_Exercise details_
Copy the data exactly; pictures stay out of the copy.

[Items from a data source]
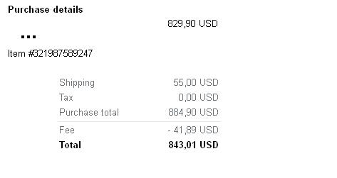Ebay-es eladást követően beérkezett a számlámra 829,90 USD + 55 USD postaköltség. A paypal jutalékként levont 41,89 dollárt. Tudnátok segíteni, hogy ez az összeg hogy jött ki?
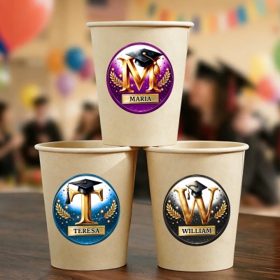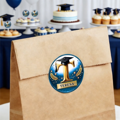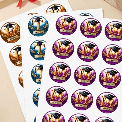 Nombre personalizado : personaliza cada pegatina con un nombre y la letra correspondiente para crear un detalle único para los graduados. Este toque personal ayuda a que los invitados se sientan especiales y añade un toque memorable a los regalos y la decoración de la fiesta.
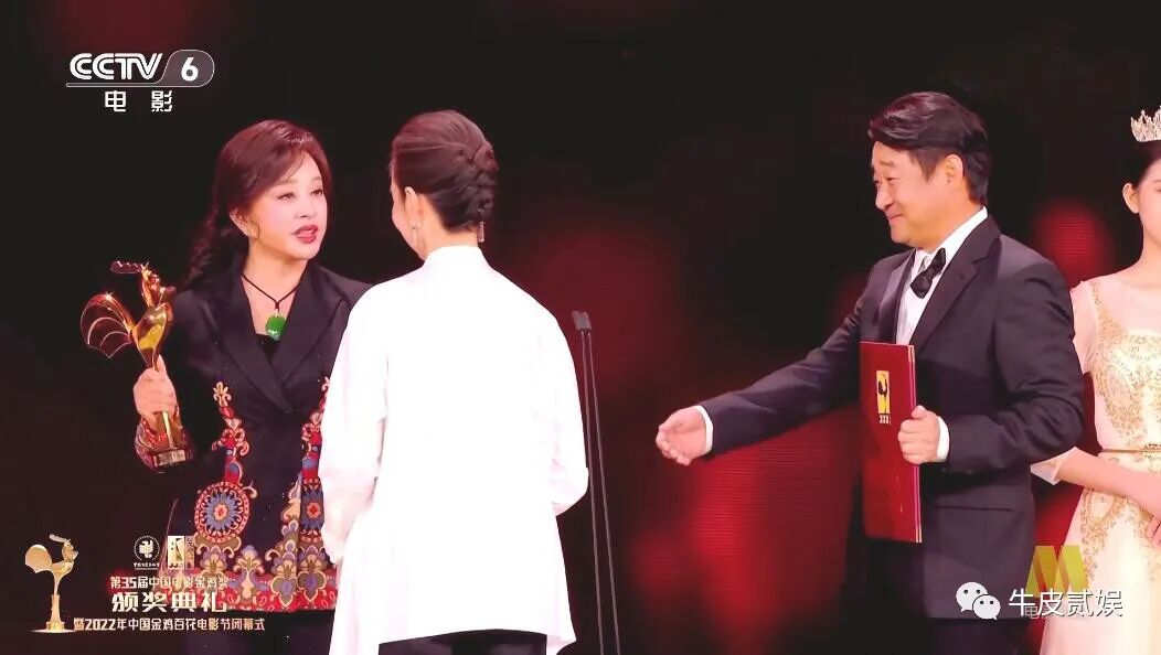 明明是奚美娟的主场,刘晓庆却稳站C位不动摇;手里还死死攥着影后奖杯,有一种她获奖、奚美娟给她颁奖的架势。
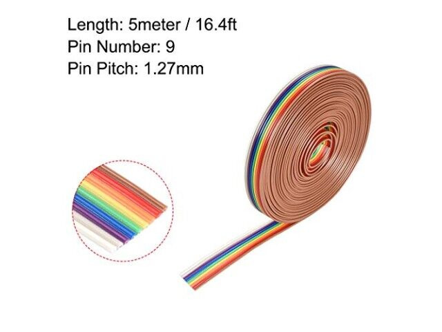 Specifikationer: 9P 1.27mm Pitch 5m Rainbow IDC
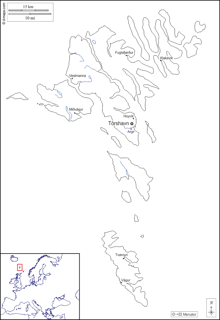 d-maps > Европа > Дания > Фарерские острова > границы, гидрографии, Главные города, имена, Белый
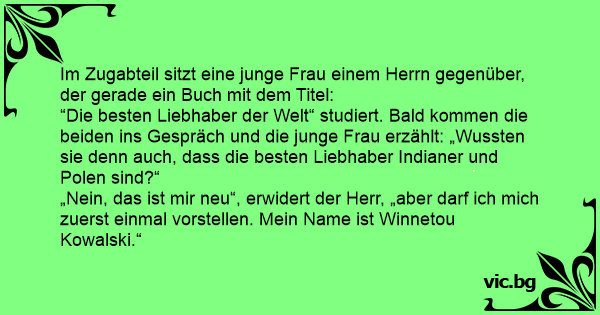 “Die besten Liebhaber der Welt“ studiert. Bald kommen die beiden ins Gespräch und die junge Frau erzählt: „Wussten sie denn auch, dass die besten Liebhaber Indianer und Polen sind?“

_Reply to the exercise_
Ebay-es eladást követően beérkezett a számlámra 829,90 USD + 55 USD postaköltség. A paypal jutalékként levont 41,89 dollárt. Tudnátok segíteni, hogy ez az összeg hogy jött ki?
 Nombre personalizado : personaliza cada pegatina con un nombre y la letra correspondiente para crear un detalle único para los graduados. Este toque personal ayuda a que los invitados se sientan especiales y añade un toque memorable a los regalos y la decoración de la fiesta.
 明明是奚美娟的主场,刘晓庆却稳站C位不动摇;手里还死死攥着影后奖杯,有一种她获奖、奚美娟给她颁奖的架势。
 Specifikationer: 9P 1.27mm Pitch 5m Rainbow IDC
 d-maps > Европа > Дания > Фарерские острова > границы, гидрографии, Главные города, имена, Белый
 “Die besten Liebhaber der Welt“ studiert. Bald kommen die beiden ins Gespräch und die junge Frau erzählt: „Wussten sie denn auch, dass die besten Liebhaber Indianer und Polen sind?“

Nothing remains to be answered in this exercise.